The best answer to the question of what shape your data should be in is probably something like ‘Whatever shape makes it easiest to accomplish your goals with the data at any given time’. For example, sometimes when you’re entering data - say in to a spreadsheet in Excel or a similar program, you might find the data entry process easier if the dataset is in a wider format. In contrast, longer formats will generally be better when analyzing your data. This is consistent with the idea of tidy data we talked about in Session 2. For example, tidy data will be long because a characteristic of tidy data is that each variable has its own column. For these reasons, you might find it helpful or even necessary to reshape the data - possibly multiple times as you continue to work with the same dataset.
How To Reshape Data
R offers several approaches for reshaping data. Functions for doing so often come in pairs that transform from wider to longer, and longer to wider, respectively. Pairs of functions include cast()
and melt()
, spread()
and gather()
, and pivot_longer()
and pivot_wider()
. While any of these can be used, we’ll focus on the ‘pivot’ pair that come from the package tidyr, as they were written most recently with a goal of being the most user-friendly of the available functions so far.
Pivoting Resources
If you want to dig in to pivoting a bit more, R offers a very useful vignette on pivoting, which is worth a look - portions of today’s breakout sessions will come from there. Chapter 12 of “R For Data Science” by Wickham and Grolemund, which covers tidy data, also includes a nice section on pivoting.
Examples
Let’s revisit the park visitors dataset for an example of how pivot_longer()
and pivot_wider()
work in their most basic form. Previously, I created each of the wide and long forms of this dataset by hand. It was manageable to do that, since it’s a very small dataset, but for most datasets, you’re not going to want to just recreate a data frame from scratch each time you need to reshape the data. Let’s start with the data in wide format…
#view the data frame
visitors_wide
#> park Fri Sat Sun Mon
#> 1 north_park 65 184 135 87
#> 2 south_park 80 160 140 71
What if we wanted to plot the total mean number of visitors per day across both parks? To get the mean values, we might think about applying some of the functions we’ve been working with in previous sessions like group_by()
and summarize()
. For example, we might want to try grouping by day and then calculating the means from a column that stores the number of visitors. However, in it’s current wide form, this dataset doesn’t have the day and visitors columns we need. pivot_longer()

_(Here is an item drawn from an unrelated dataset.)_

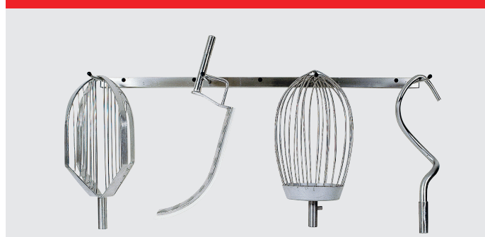
Tool rack, 91 cm
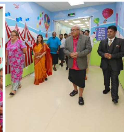
Prime Minister Voreqe Bainimarama with members of the Sai Prema Foundation during the opening of the Sri Sathya Sai Sanjeevani Children's Heart Hospital Fiji in Muanikau Road in Nasese.

can help us here. The command might look like this…
library(tidyverse)
visitors_longer <- visitors_wide %>%
pivot_longer(-park,
names_to = "day",
values_to = "visitors")
First, we need to point it to the dataset we’re interested in reshaping - I’m doing that by piping the visitors_wide
data frame to pivot_longer()
. Next, we need to specify what columns to use to lengthen the dataset. This argument recognizes tidy-select notation, which can really simplify things. Here, I’m using -park
, which tells it to use all the column names except park. Those column names will be transformed to values in a single new column, which needs a name. We’ll call it day, so names_to = "day"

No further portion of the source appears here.